Shop OBEX P1 Docs P2 Docs Learn Events
Propeller II: Emulation of the P2 on FPGA boards (Prop123-A7/A9, DE0-NANO, DE2-115, etc) - Page 7 — Parallax Forums

Propeller II: Emulation of the P2 on FPGA boards (Prop123-A7/A9, DE0-NANO, DE2-115, etc)

145791024

Comments

  • cgraceycgracey Posts: 14,131
    edited 2012-12-04 12:04
    Thanks Chip!

    Once cycle for stack reads is great, as are the CALLD and RETD instructions.

    If I read your previous message correctly, then
           REP #1,#64
           RDLONGC      INDA++,PTR++
    

    Would load 64 longs from the hub to the cog in eight hub cycles (plus time for loading INDA, PTR, REP, and time to sync to the first hub access)

    I will document the REPeat instructions next.

    For what you are doing there:

    REPS #64,#1 'repeat 1 instruction 64 times
    SETINDA startreg 'need one spacer instruction between REPS and what is going to get repeated
    RDLONG INDA++,PTRA++
  • David BetzDavid Betz Posts: 14,511
    edited 2012-12-04 12:07
    cgracey wrote: »
    Okay, but what about the delta modes where a '+' or '-' must be expressed?

    SETINDA -#5
    SETINDA +#5

    I don't really like that.

    How about this:

    SETINDA @5
    SETINDA @-5
    I like your second option better.
  • Bill HenningBill Henning Posts: 6,445
    edited 2012-12-04 12:11
    Thanks Chip.

    If I read the specification PDF right, REPD would need two spacer instructions - right?
    cgracey wrote: »
    I will document the REPeat instructions next.

    For what you are doing there:

    REPS #64,#1 'repeat 1 instruction 64 times
    SETINDA startreg 'need one spacer instruction between REPS and what is going to get repeated
    RDLONG INDA++,PTRA++
  • cgraceycgracey Posts: 14,131
    edited 2012-12-04 12:24
    Thanks Chip.

    If I read the specification PDF right, REPD would need two spacer instructions - right?

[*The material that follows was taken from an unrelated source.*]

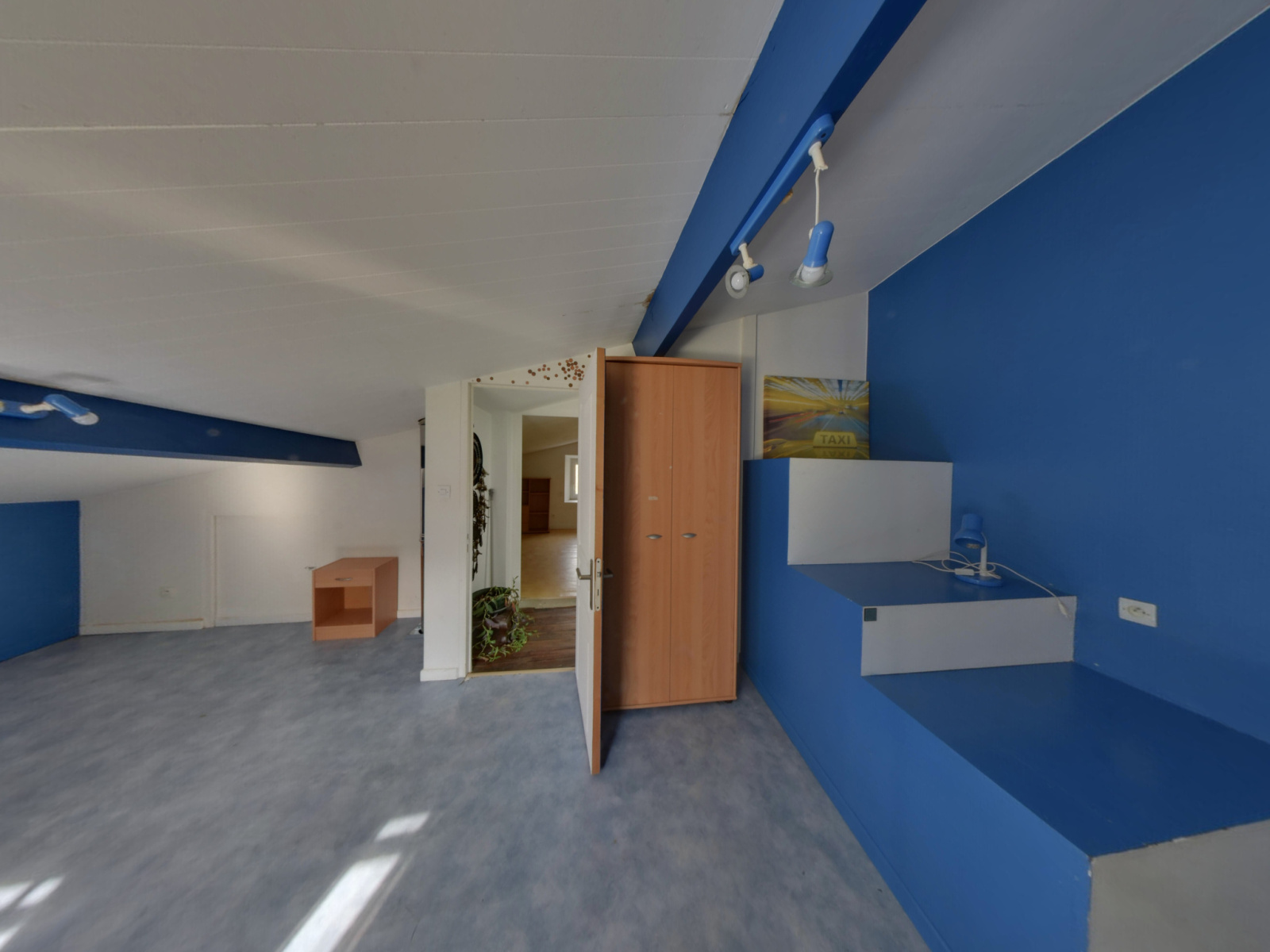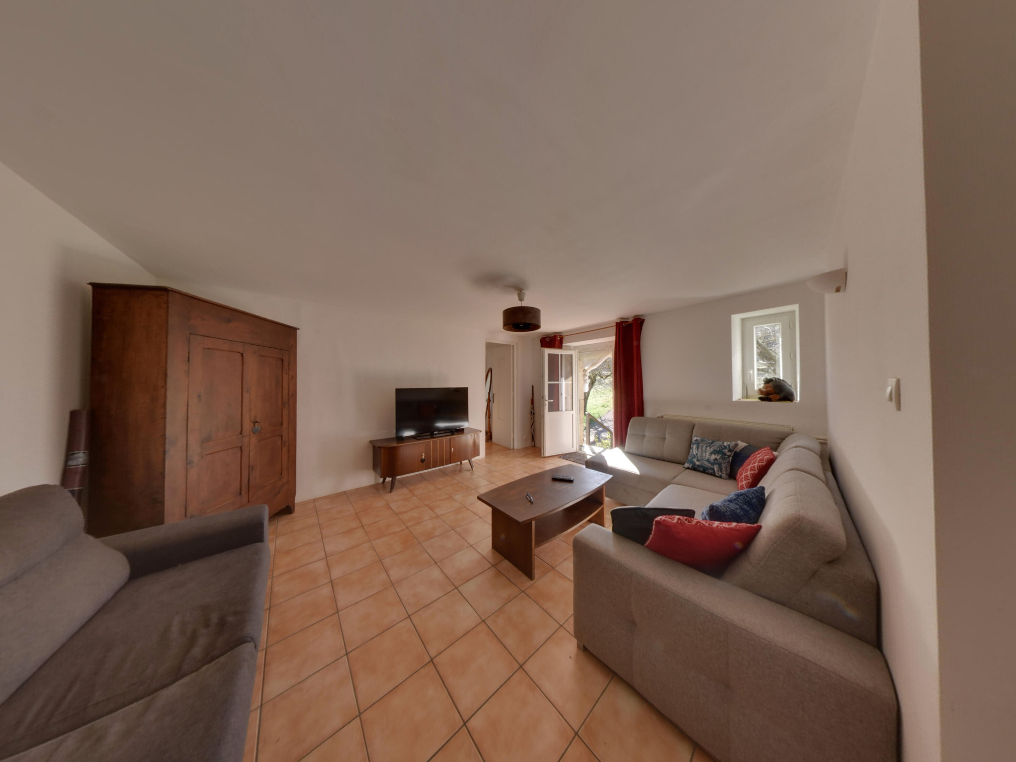 Premier étage : un grand salon et deux chambres..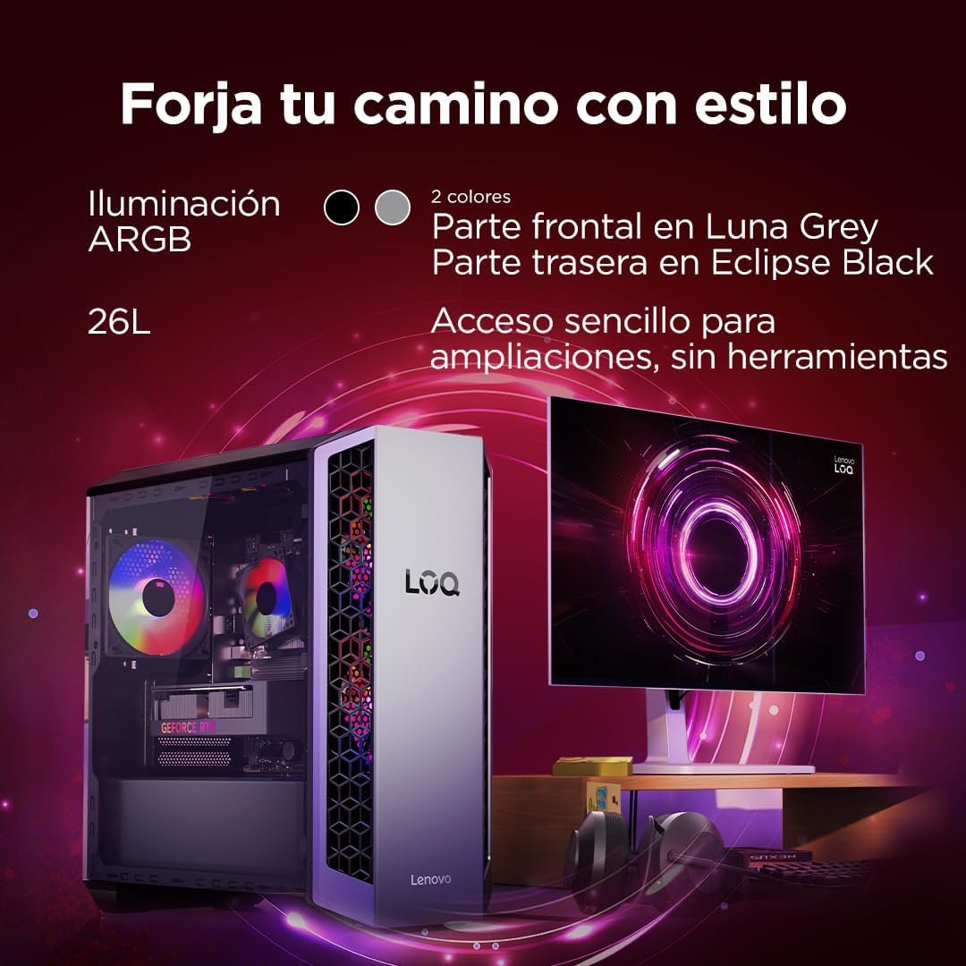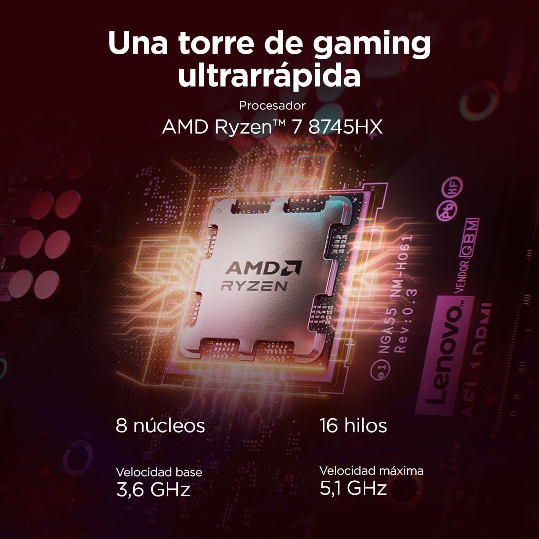 Procesador AMD Ryzen 7 8745HX Gráficos NVIDIA GeForce RTX 5060 8 GB GDDR7 Ventilador del sistema 2 ventiladores frontales de 120 mm con luz ARGB + ventiladores traseros de 120 mm con luz ARGB Factor de forma Torre (26L) Conectividad Wi-Fi 7 – Bluetooth 5.4 Ethernet Integrado 100/1000M Puertos principales 1x USB-C (USB 10 Gbps / USB 3.2 Gen 2), 2 puertos USB-A (USB 5 Gbps/USB 3.2 Gen 1), 1 conector combinado para auriculares y micrófono (3,5 mm) Puertos traseros 4x USB-A (USB de alta velocidad/USB 2.0), 1 HDMI 2.1 TMDS, 1x Ethernet (RJ-45), 1x auricular (3,5 mm), 1x conector de alimentación Chip de seguridad Firmware TPM 2.0 integrado en SoC Cumple con ErP Lot 3 – RoHS Sistema operativo Ninguno Software incluido Ninguno

    It needs three. The difference between REPS and REPD is that REPS uses an immediate repeat count, while REPD can use a register. REPS can execute early because the immediate repeat count is in the instruction, whereas REPD must wait for the register to be read.
  • Bill HenningBill Henning Posts: 6,445
    edited 2012-12-04 12:50
    Thanks!

    I don't mind pipeline delays, after all, it does not matter where initialization/setup code goes :)
  • cgraceycgracey Posts: 14,131
    edited 2012-12-04 14:58
    David Betz wrote: »
    I like your second option better.

    I just realized that the way it works for deltas is already:

    SETINDA ++3
    SETINDB --4
    SETINDS --6,++5

    Do you like that better than using @'s?
  • Cluso99Cluso99 Posts: 18,066
    edited 2012-12-04 15:07
    cgracey wrote: »
    I just realized that the way it works for deltas is already:

    SETINDA ++3
    SETINDB --4
    SETINDS --6,++5

    Do you like that better than using @'s?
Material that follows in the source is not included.